Как-то вечером, вернувшись во влажный, покрытый льдом подвал, служивший нам вместо казарм, мы заметили, что мирное население Мемеля улетучилось. Пока мы вели бои, ушли последние корабли с беженцами. Проходя по улицам города, который стал больше напоминать кладбище, мы этому даже обрадовались.
Мои друзья молча бросились на постели, поглощая привезенный паек, даже не замечая, что едят. Им было все равно. Ведь они думали совсем о другом. Их глаза, привыкшие видеть бой, теперь обратились в самих себя. Они словно погрузились в сон и мечтали лишь о том, что вскоре прибудет пароход и увезет нас отсюда. Мы наконец покинем Мемель – город, где столько пришлось испытать.
Я же перестал рисовать себе радужные картины: слишком часто впоследствии они превращались в кошмары. Отказался от всего, что имел: от чувств, страданий, страстей, страха. Я позабыл Паулу, позабыл, что еще молод. Мне нездоровилось, но чего еще можно ожидать в подобных условиях. Ведь даже от тех, у кого в животе зияли огромные дыры, требовали мужества. Кровь стекала у солдат на снег, но они продолжали стрелять, пока их глаза не стекленели. Мне же повезло. Несмотря на приступы кашля, во мне еще теплилась жизнь.
Я смотрел на друзей, пребывавших в полудреме. Они тоже знали, как опасно спать в таком месте. Мемель забирал все – мечты, надежды. Те, кто продолжал надеяться, еще могли сражаться. Но мы уже устали от боев.
Во сне некоторые начинали кричать. Кричали непроизвольно, не в силах остановить стоны.
Были и те, кто молился. Но даже если Бог и услышит их молитвы, он постесняется проявить себя. Ведь он отрекся от милосердия. Так произошло со Смелленсом, который покончил с собой этим утром. До того, как он получил весть о смерти маленького брата, которого он видел лишь дважды, Смелленс хотел жить. Мы все с волнением смотрели на дорогу, по которой доставляли почту. Смелленс продолжал жить, пока хватало сил. Но в Мемеле даже Всемогущий не был в состоянии остановить его.
Начиная со следующего дня началась эвакуация военных. Первыми отправляли тяжелораненых. Лишь тех, кто был совсем безнадежен, оставляли умирать в Мемеле. Радость раненых, которые еще могли ходить, помогала им забыть о боли. Те, у кого развилась гангрена, не думали о предстоящей ампутации. Жизнь возвращалась в нормальное русло. Лишь авиация противника досаждала нам. Особой благодарности заслуживает военно-морской флот: что бы мы без него делали?

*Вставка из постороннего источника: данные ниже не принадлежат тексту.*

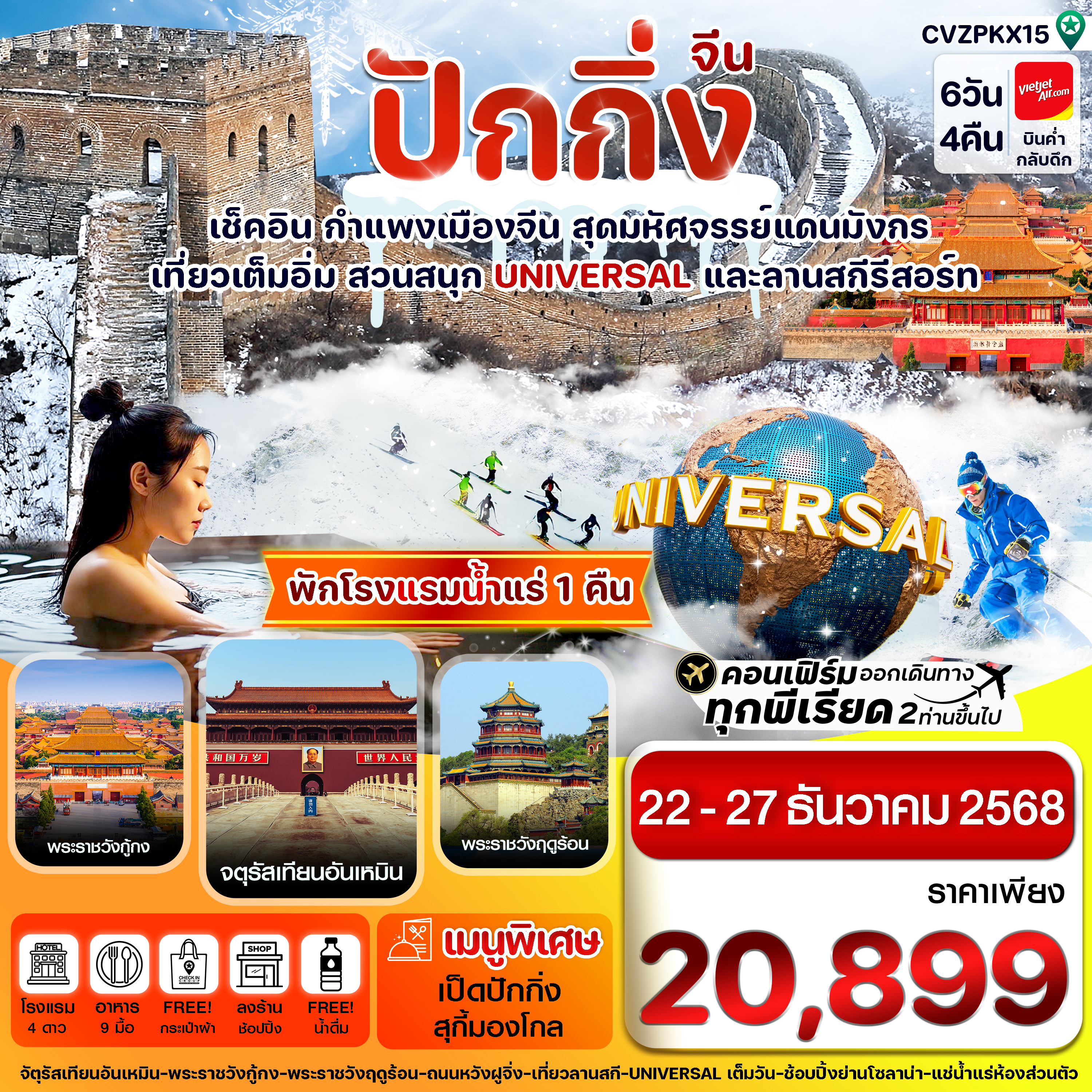 CVZPKX17 ปักกิ่ง -สวนสนุก UNIVERSAL-กำแพงเมืองจีน ลานสกีรีสอร์ต 6วัน4คืน 24-29Dec 25 (ทัวร์ลงร้าน)

Баржа, набитая людьми, попала под бомбежку. Нам пришлось прекратить отдых и заняться делом. Я выпущу подробности. Я еще слишком хорошо все помню. Баржа наполнилась кровью. Мы выкидывали за борт куски человеческого мяса, и на него тут же набрасывались рыбы.
Вначале вода казалась теплой. Но затем наши движения стали все более вялыми, а сердце пронизывала боль. Но останавливаться было нельзя. Два парохода увезли еще сотню солдат. Скоро настанет и наша очередь.
К полудню облака рассеялись. В небе засветило бледненькое солнце. Но теперь мы уже не радовались ему. Скоро появятся русские самолеты.
Они прилетели, когда мы еще не успели закончить расчистку. И никто не удивился: при хорошей погоде этого следовало ожидать. Мы бросились в укрытие. В настоящих цементных бомбоубежищах расположились раненые. Эти убежища использовались как госпитали. Нам же пришлось укрываться в развалинах или в воронках от снарядов и бомб. Забравшись куда попало, мы не оставляли надежды на спасение.
Со всех сторон слышался грохот противовоздушных орудий. Возможно, им удастся не допустить бомбардировщики до порта… И тут раздался свист бомб. Все вокруг затряслось. Растирая замерзшие пальцы, мы смотрели, как самолеты пролетают над разрушенным городом, над двумя пароходами, которые, чтобы избежать повреждений, отдали швартовы. Пять бомб одновременно были сброшены пятью бомбардировщиками, появившимися над причалом. Две упали в воду и взорвались, окатив всех волнами брызг. Еще одна попала в развалины набережной. А последние две – в ожидающих погрузки. Вверх полетели трупы. Оставшиеся в живых отчаянно закричали, стонали раненые.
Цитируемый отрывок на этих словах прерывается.